Шрифт:
Интервал:
Закладка:
Звуки лились, объединяя необъединимое, они были тут, хотя породившая их мечта была неизмеримо далека от нас.
Мальчиком называл в своем рассказе Громов того, кто сумел оказаться рядом с нами. Он и был мальчик, наполненный детством, хотя это детство продолжалось миллионы лет и до сих пор не кончилось.
Мальчиком называли его на корабле. И он тоже так называл себя.
И мы с Громовым тоже пока были еще мальчиками, но наше детство должно было скоро кончиться. Его же детство длилось и длилось, сливаясь со звуками мелодии, которую я сейчас слушал.
Когда мелодия кончилась, я спросил о том, о чем, может быть, не следовало спрашивать:
— Что же, эту запись отец нашел вместе с информационной копией?
— Да нет, откуда ты это взял? Один отцовский приятель сочинил. Член Союза композиторов. По моей просьбе.
Я глядел на Громова, и, должно быть, лицо мое менялось, как у нашей новой преподавательницы истории. И Громову, должно быть, стало жалко меня и досадно за свои слова, и он спросил:
— А тебе, видно, хотелось, чтобы это тот музыкант написал, который дружил с мальчиком?
— Хотелось бы, — тихо ответил я.
— Но музыка же хорошая. Она тебе понравилась?
— Да. Но она понравилась бы мне больше, если бы ее сочинил тот и тогда…
— Когда еще не было разума и человеческого уха? — спросил Громов.
— Да.
— А ты представляешь себе, какой была тогда Земля?
— Раньше не представлял. А сейчас представил, когда слушал эту мелодию. А ты представляешь?
— Зачем мне представлять? — сказал тихо Громов. — Я не только представляю, но и знаю.
— Откуда?
— Разреши мне не отвечать на твой вопрос.
10
И я разрешил. Разрешил ему не отвечать на мой вопрос.
Я просто ушел. Надел пальто в передней и ушел. Не мог я больше канючить, выпрашивать, подлизываться.
Но, наверное, не всякий бы ушел на моем месте, так и не узнав истину. Какой-нибудь исследователь и крупный ученый ради науки плюнул бы на свое самолюбие и остался.
А я ушел. Правда, мне от этого было не легче. Я почти не спал ночь.
На другой день в классе случилось неприятное дело. Не знаю, почему я назвал это дело неприятным. Впрочем, пускай. Вот что случилось.
Пришел новый, очень молодой преподаватель биологии вместо старого, который ушел на пенсию. При старом бы все сошло. Того ничем нельзя было удивить.

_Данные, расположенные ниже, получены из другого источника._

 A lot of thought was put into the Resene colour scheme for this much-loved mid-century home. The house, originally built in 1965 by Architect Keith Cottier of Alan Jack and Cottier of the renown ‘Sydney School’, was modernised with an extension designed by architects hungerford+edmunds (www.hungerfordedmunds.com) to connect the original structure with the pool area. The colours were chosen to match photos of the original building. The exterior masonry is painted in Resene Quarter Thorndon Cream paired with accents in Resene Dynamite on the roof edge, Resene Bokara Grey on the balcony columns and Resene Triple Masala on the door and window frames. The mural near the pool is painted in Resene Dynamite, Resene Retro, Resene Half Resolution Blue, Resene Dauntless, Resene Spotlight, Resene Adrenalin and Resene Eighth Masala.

Этот новый задал Громову вопрос. И Громов, разумеется, ответил. Дело, конечно, не в том, что Громов ответил не по программе. Дело в том, что Громов знал, чего не знал и не мог знать никто. И новый преподаватель все это понял. Я увидел это по его глазам. Таких глаз я не видел нигде — ни в кино, ни в театре. Казалось, на лице у него ничего не осталось, кроме этих глаз. А в глазах было все: восторг и ужас, недоумение и гнев, отчаяние и радость и еще что-то, чего мне не передать с помощью слов.

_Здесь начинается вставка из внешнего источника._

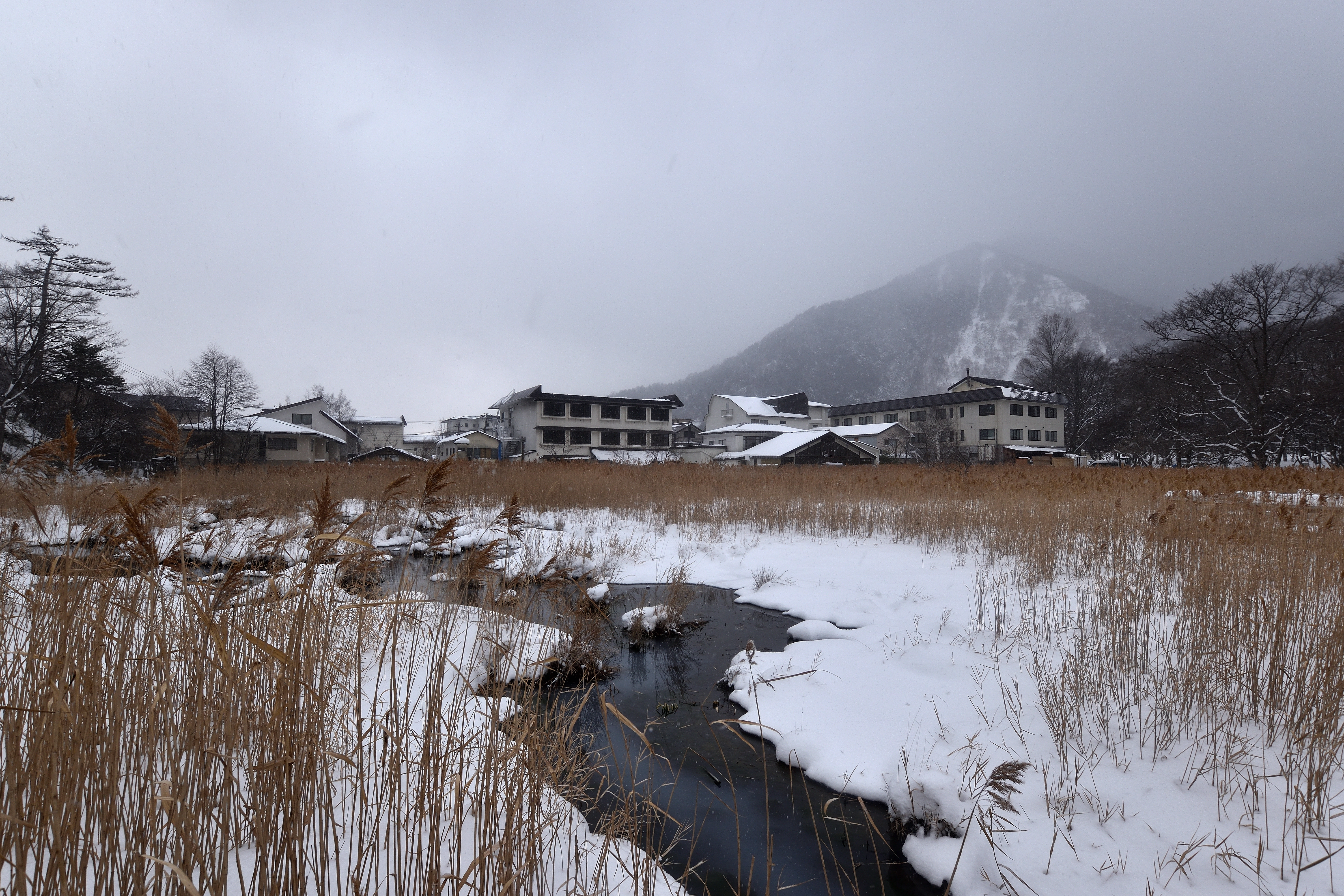 湯元温泉最奥の施設のひとつ、温泉寺への道と、その隣にある湯ノ平湿原を横断する木道は、30cmの積雪。この中ではやはり一番雪の量が多いです。

Я подумал, что он заболел или помешался. Он стал ходить по классу из угла в угол, словно забыв о нас.
Минут пять прошло, а он все ходит и ходит.

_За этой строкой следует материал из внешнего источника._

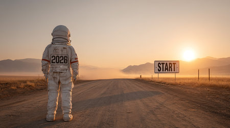 An astronaut stands on an empty road at sunrise, facing a distant sign that reads START. The scene evokes feelings of adventure and exploration, symbolizing new beginnings.

Потом он подошел к Громову.
Он сказал что-то, но так тихо и невнятно, что я не расслышал. Только по ответу Громова я догадался, о чем идет речь.
Речь шла о животных, вымерших миллионы лет назад. И дело не в том, что Громов рассказал о них обстоятельно, живо и слишком конкретно. У него вырвалось словечко, которое ему ни в коем случае не следовало произносить, если уж он хотел все сохранить в тайне. Когда учитель ему возразил, он сказал:
— Вы знаете это из курса палеонтологии, а я помню…
И он стал выкладывать одну подробность за другой. Он словно решил на все наплевать — на тайну, на учителя, на первых учеников, и он опять употребил это выражение: «я помню»… Учитель прямо остолбенел, не в силах ни слова вымолвить.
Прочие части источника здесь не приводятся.